Work item: Although the records contain pictures, only their text should be reproduced, exactly as written.

Recorded data:
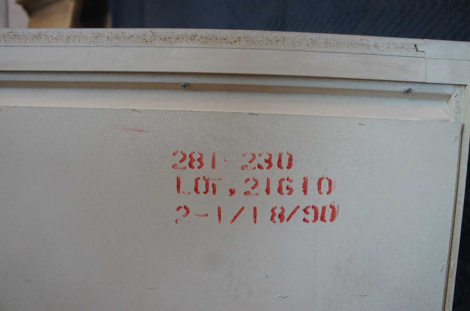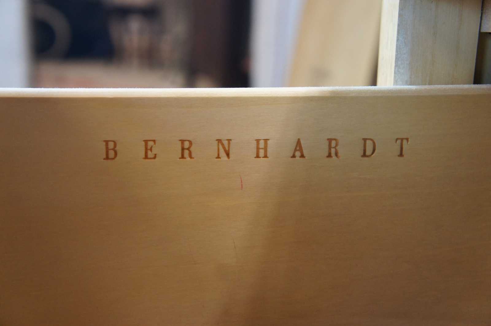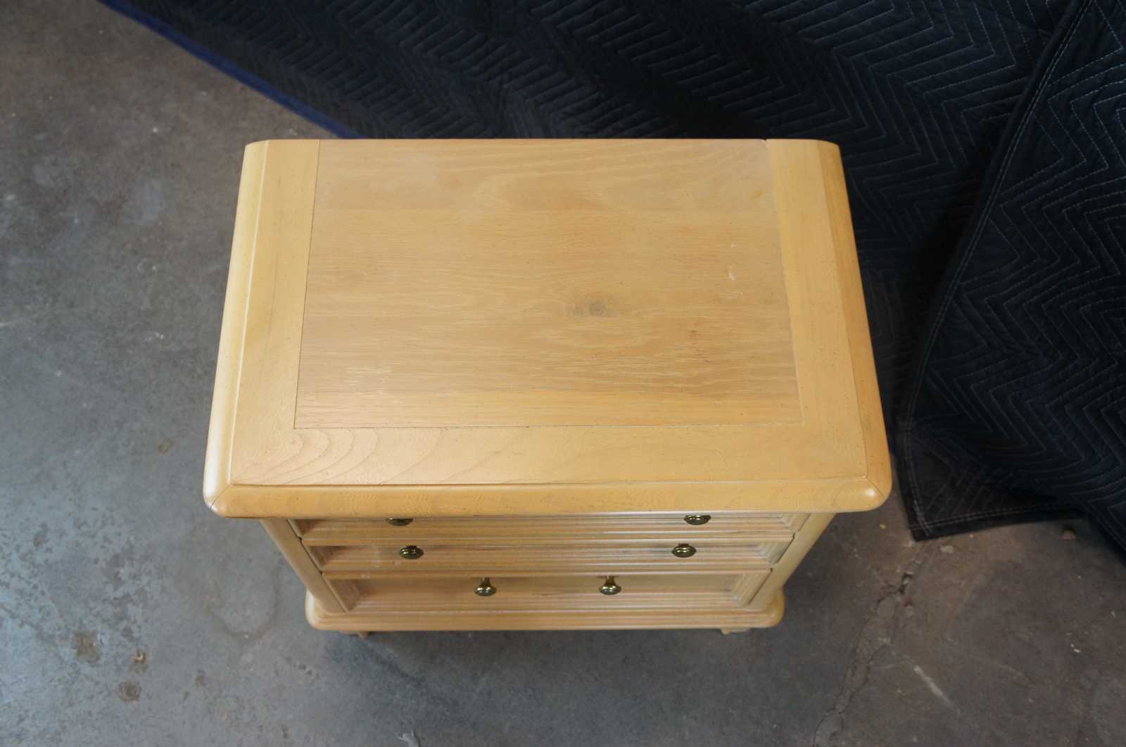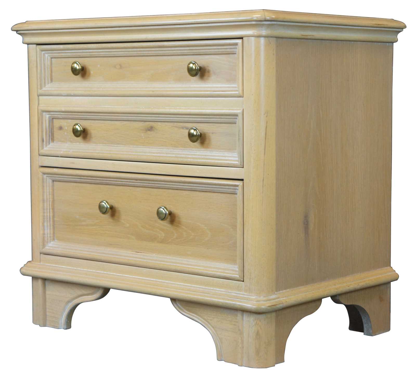 Vintage 1990s Bernhardt chest or nightstand. Made of oak featuring two drawers with brass hardware and bracket feet. 281 - 230.
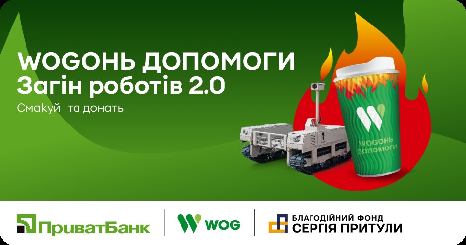 Сеть АЗК WOG, Благотворительный фонд Сергея Притулы и Приватбанк запускают проект «Wоgонь Допомоги. Отряд роботов 2.0». Его цель: уже во второй раз собрать «отряд» наземных роботизированных комплексов.
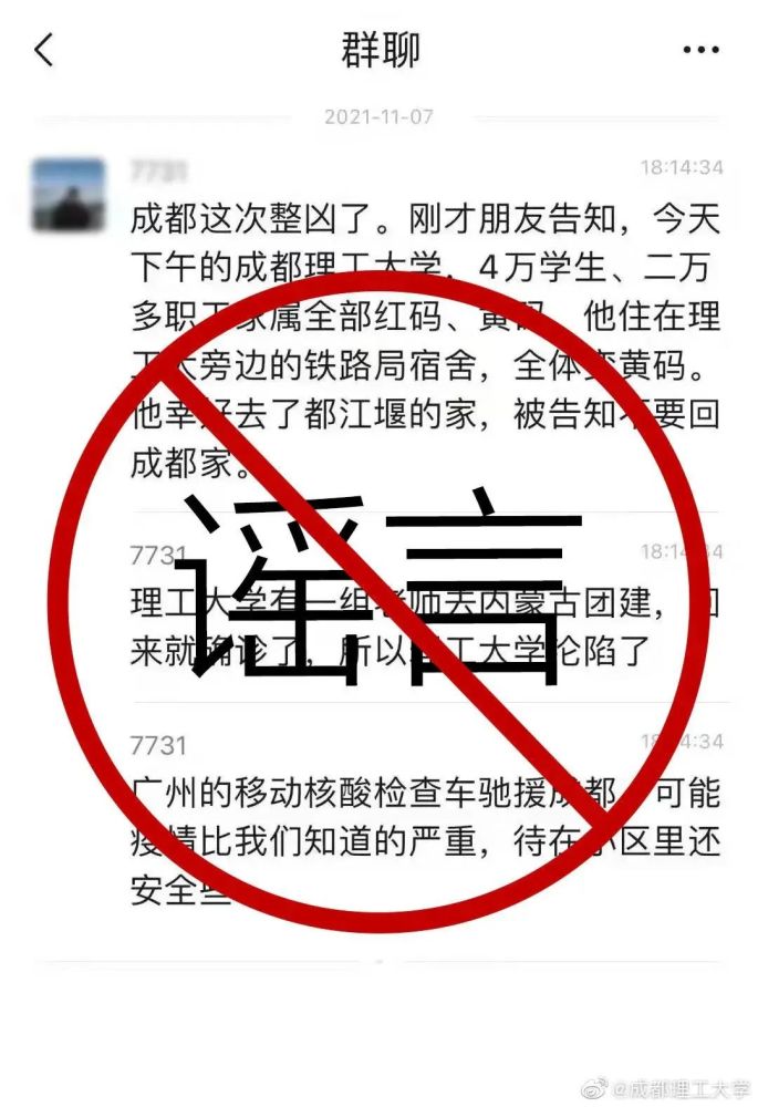 近日,有人在互联网恶意散播疫情相关谣言:成都锦城学院发现两例确诊、成都理工大学老师去内蒙古团建后回蓉确诊,以上均为谣言!
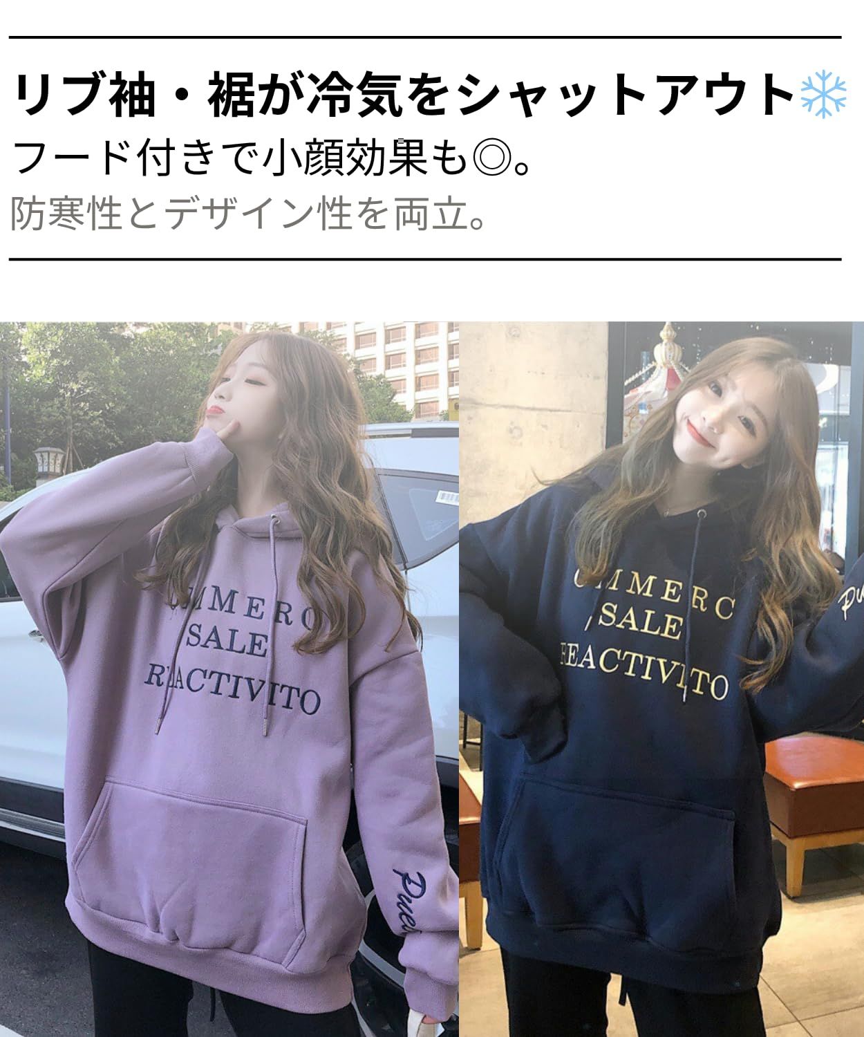 【特徴2】ベルベット風の刺繍スウェットは柔らかく暖かい質感で、厚手スウエットでも動きやすいのが魅力。ゆったり感が程よく、可愛いパーカーを探している女性にぴったりです。カジュアルにもフェミニンにも合わせやすく、pullover
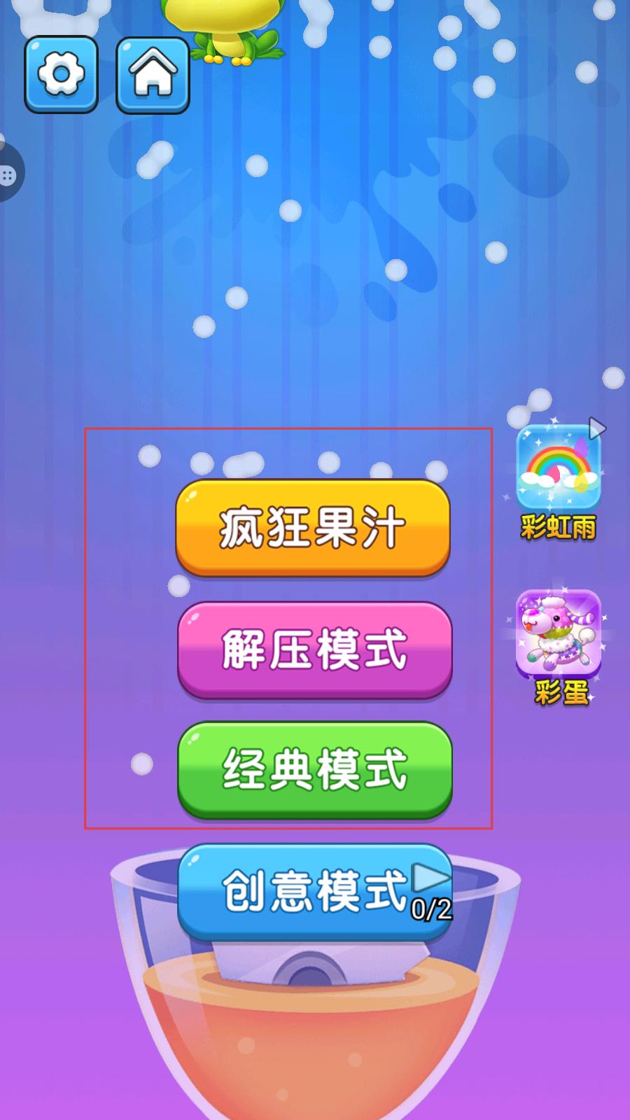 1、进入游戏,可选择疯狂果汁、解压模式、经典模式等不同玩法,开启果汁制作之旅。
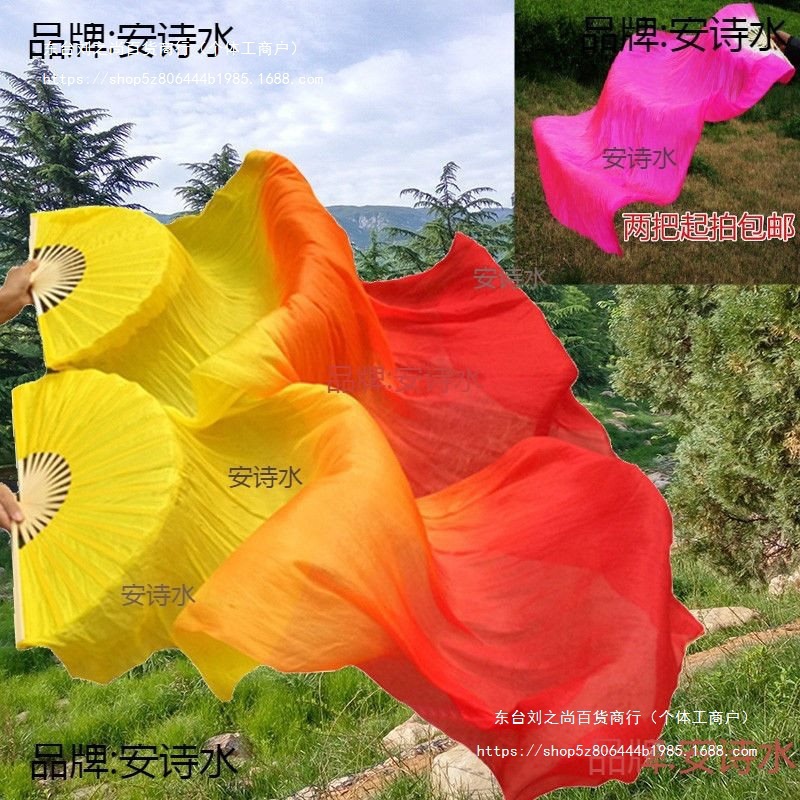 댄스 팬 모조 실크 단색 3색 그라데이션 댄스 팬 긴 두꺼운 양코 스퀘어 댄스 팬 [2개]
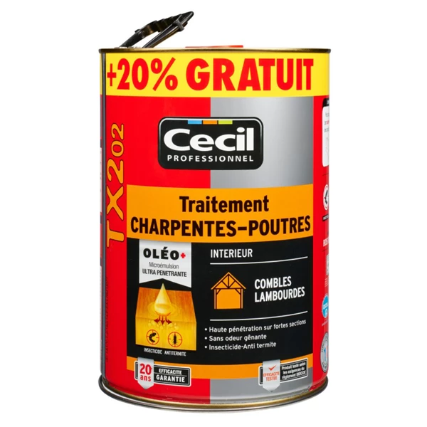 | Conditionnement | 1 bidon de 5 litres + 20% gratuit de traitement charpente TX202 |
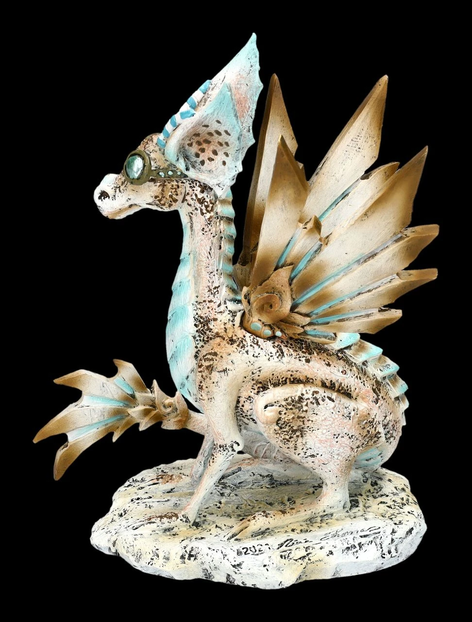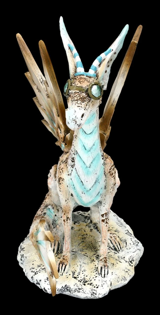 Der fantastischer, im Steampunk-Stil handbemalter Drache ist ein perfektes Geschenk für Sammler der Arbeiten von Amy Brown und für alle, die wie sie von der Welt der Elfen, Feen und Drachen fasziniert sind. Bereits als Kind hat sich die amerikanische Fantasykünstlerin Amy Brown für die sagenhafte Welt der Elfen, Feen und Drachen interessiert und alle Geschichten darüber gelesen. Später machte sie diese Welt zum Mittelpunkt ihrer kreativen Arbeit. So entstanden wunderbare Arbeiten, die der eigenen Fantasie Raum geben, wie dieser große Drache im Steampunk-Stil aus hochwertigem Kunststein (Polyresin). Sammler werden von dieser Drachen-Figur von Amy Brown begeistert sein. Der Drache ist 16 cm hoch, 13 cm breit und 8,5 cm tief. Die Flügel sind zum Stecken.
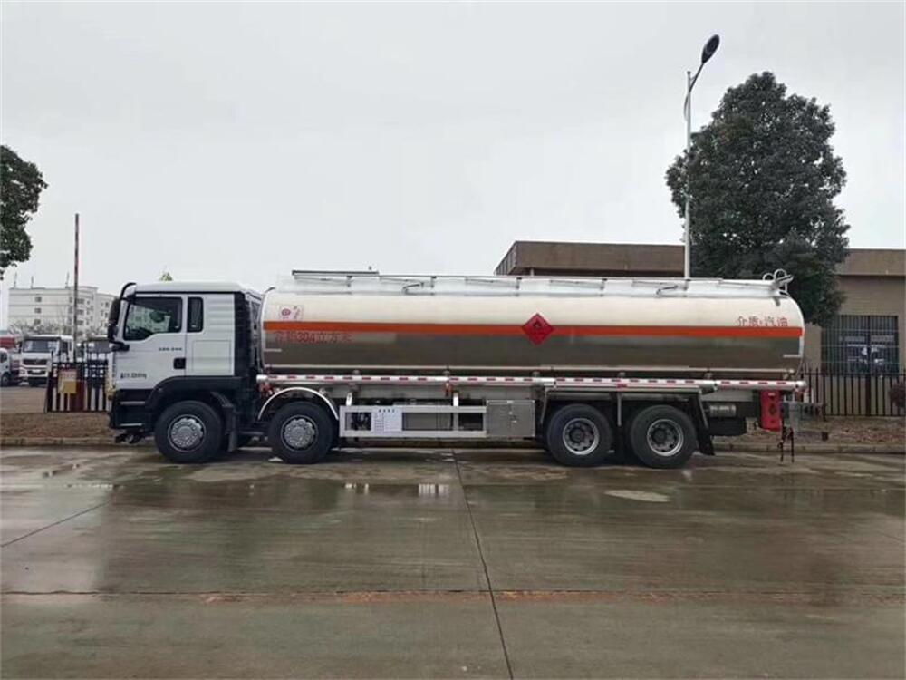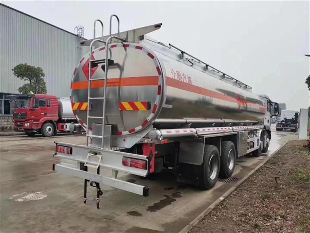 2.上裝配置:上裝采用國標5083鋁合金板材,公告容積30.4(實際有效容積約32立方),標配單倉,帶泵進泵出,標配兩個歐標罐蓋和緊急切斷閥,帶歐標全套下裝油系統(tǒng)(含下裝卸油閥、防溢流裝置和油氣回收裝置等),罐體頂部兩側(cè)帶折疊式升降防護欄,隨車配送兩根卸料軟管、陰陽端接頭、下裝油口轉(zhuǎn)換接頭等,其余均為廠家標配。罐體油漆為銀粉色金屬漆,兩側(cè)及后封頭水平正中貼3M-1級橙色反光帶,反光板,貼“易燃液體”標識,貼安全告示牌。
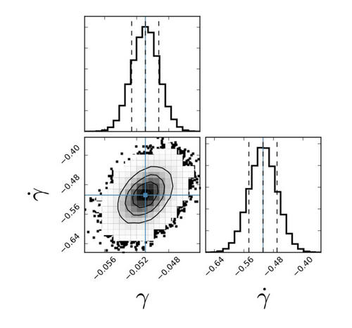 上图表示的是银河系三维非对称速度沿着径向距离的分布,可以看到有很多梯度分布,不同的颜色代表不同的年龄星族,垂直的红色实/虚线代表银河系的四条旋臂位置。下图表示文中利用一个简化模型对银河系翘曲强度以及强度变化参数的模特卡罗拟。
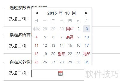 31、 加载jquery.cxcalendar.languages.js后,系统将自动识别用户语言环境并显示相应界面语言。
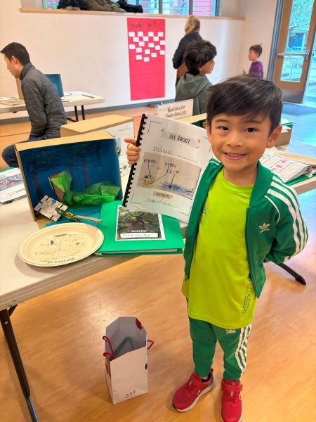 Over the course of the year, kindergartners have several opportunities to practice their speaking skills in age-appropriate ways. All three classes hold "Celebrations of Learning" to wrap up several big units, such as Force & Motion and their Wetlands unit, and during these, students and guests—sometimes their classmates, sometimes 4th grade buddies or even their parents/guardians—arrive for presentations. Often guests move around the room, science fair-style, to hear from students about their projects.
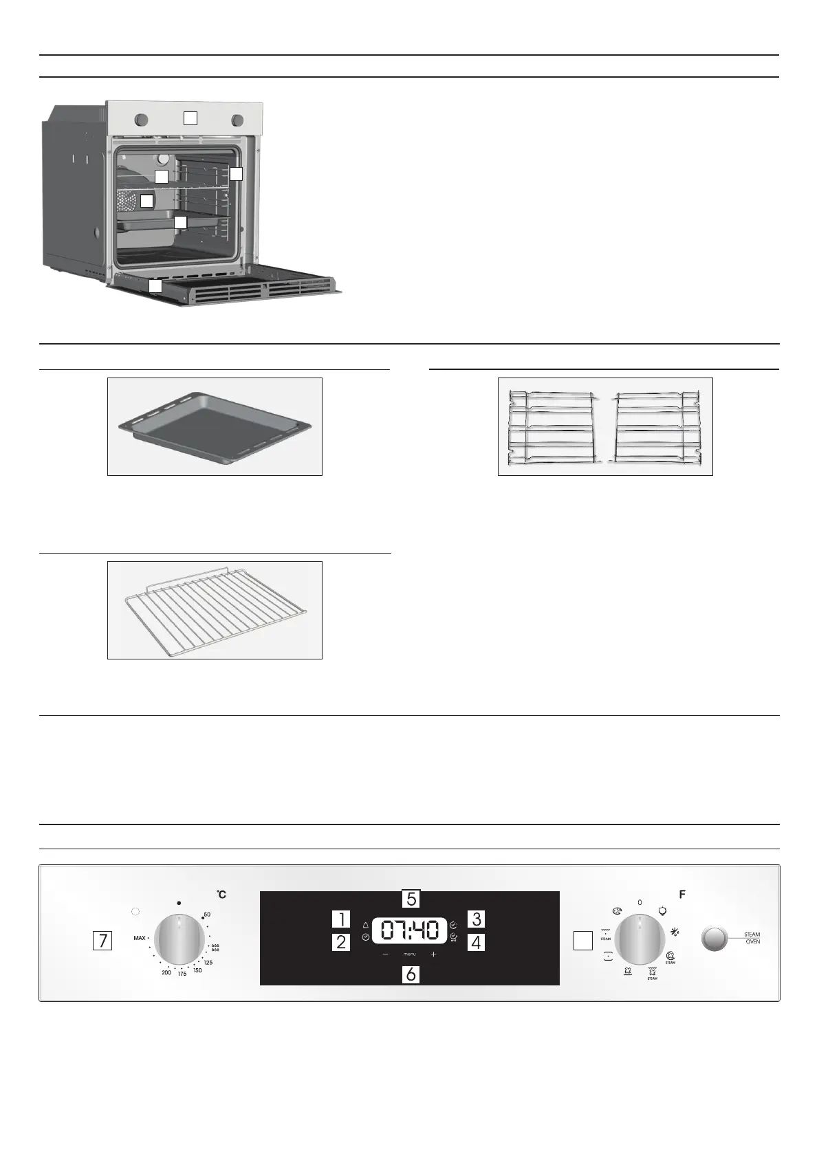 Clean the oven before using for the first time. Wipe over external surfaces with a damp soft cloth. Wash all accessories and wipe inside the
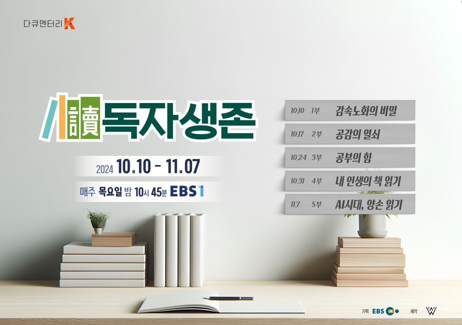 EBS 다큐멘터리 '독자생존'은 독서의 중요성을 강조하는 프로그램으로, 2024년 10월 10일부터 11월 7일까지 매주 목요일 오후 10시 45분에 EBS1에서 방영될 예정이에요. 이 다큐멘터리는 독서가 개인의 삶에 미치는 긍정적인 영향을 다양한 시각에서 조명하고 있어요.
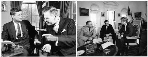 TT Kennedy đã yêu cầu họp riêng trong một phòng khác với Dean Rusk (Ngoại Trưởng), McNamara (Bộ Trưởng Quốc Phòng), Mac Bundy (Cố vấn An ninh Quốc gia) và Tướng Taylor (Tham Mưu Trưởng Quân Lực Hoa Kỳ).

Response area:
 Vintage 1990s Bernhardt chest or nightstand. Made of oak featuring two drawers with brass hardware and bracket feet. 281 - 230.
 Сеть АЗК WOG, Благотворительный фонд Сергея Притулы и Приватбанк запускают проект «Wоgонь Допомоги. Отряд роботов 2.0». Его цель: уже во второй раз собрать «отряд» наземных роботизированных комплексов.
 近日,有人在互联网恶意散播疫情相关谣言:成都锦城学院发现两例确诊、成都理工大学老师去内蒙古团建后回蓉确诊,以上均为谣言!
 【特徴2】ベルベット風の刺繍スウェットは柔らかく暖かい質感で、厚手スウエットでも動きやすいのが魅力。ゆったり感が程よく、可愛いパーカーを探している女性にぴったりです。カジュアルにもフェミニンにも合わせやすく、pullover
 1、进入游戏,可选择疯狂果汁、解压模式、经典模式等不同玩法,开启果汁制作之旅。
 댄스 팬 모조 실크 단색 3색 그라데이션 댄스 팬 긴 두꺼운 양코 스퀘어 댄스 팬 [2개]
 | Conditionnement | 1 bidon de 5 litres + 20% gratuit de traitement charpente TX202 |
 Der fantastischer, im Steampunk-Stil handbemalter Drache ist ein perfektes Geschenk für Sammler der Arbeiten von Amy Brown und für alle, die wie sie von der Welt der Elfen, Feen und Drachen fasziniert sind. Bereits als Kind hat sich die amerikanische Fantasykünstlerin Amy Brown für die sagenhafte Welt der Elfen, Feen und Drachen interessiert und alle Geschichten darüber gelesen. Später machte sie diese Welt zum Mittelpunkt ihrer kreativen Arbeit. So entstanden wunderbare Arbeiten, die der eigenen Fantasie Raum geben, wie dieser große Drache im Steampunk-Stil aus hochwertigem Kunststein (Polyresin). Sammler werden von dieser Drachen-Figur von Amy Brown begeistert sein. Der Drache ist 16 cm hoch, 13 cm breit und 8,5 cm tief. Die Flügel sind zum Stecken.
 2.上裝配置:上裝采用國標5083鋁合金板材,公告容積30.4(實際有效容積約32立方),標配單倉,帶泵進泵出,標配兩個歐標罐蓋和緊急切斷閥,帶歐標全套下裝油系統(tǒng)(含下裝卸油閥、防溢流裝置和油氣回收裝置等),罐體頂部兩側(cè)帶折疊式升降防護欄,隨車配送兩根卸料軟管、陰陽端接頭、下裝油口轉(zhuǎn)換接頭等,其余均為廠家標配。罐體油漆為銀粉色金屬漆,兩側(cè)及后封頭水平正中貼3M-1級橙色反光帶,反光板,貼“易燃液體”標識,貼安全告示牌。
 上图表示的是银河系三维非对称速度沿着径向距离的分布,可以看到有很多梯度分布,不同的颜色代表不同的年龄星族,垂直的红色实/虚线代表银河系的四条旋臂位置。下图表示文中利用一个简化模型对银河系翘曲强度以及强度变化参数的模特卡罗拟。
 31、 加载jquery.cxcalendar.languages.js后,系统将自动识别用户语言环境并显示相应界面语言。
 Over the course of the year, kindergartners have several opportunities to practice their speaking skills in age-appropriate ways. All three classes hold "Celebrations of Learning" to wrap up several big units, such as Force & Motion and their Wetlands unit, and during these, students and guests—sometimes their classmates, sometimes 4th grade buddies or even their parents/guardians—arrive for presentations. Often guests move around the room, science fair-style, to hear from students about their projects.
 Clean the oven before using for the first time. Wipe over external surfaces with a damp soft cloth. Wash all accessories and wipe inside the
 EBS 다큐멘터리 '독자생존'은 독서의 중요성을 강조하는 프로그램으로, 2024년 10월 10일부터 11월 7일까지 매주 목요일 오후 10시 45분에 EBS1에서 방영될 예정이에요. 이 다큐멘터리는 독서가 개인의 삶에 미치는 긍정적인 영향을 다양한 시각에서 조명하고 있어요.
 TT Kennedy đã yêu cầu họp riêng trong một phòng khác với Dean Rusk (Ngoại Trưởng), McNamara (Bộ Trưởng Quốc Phòng), Mac Bundy (Cố vấn An ninh Quốc gia) và Tướng Taylor (Tham Mưu Trưởng Quân Lực Hoa Kỳ).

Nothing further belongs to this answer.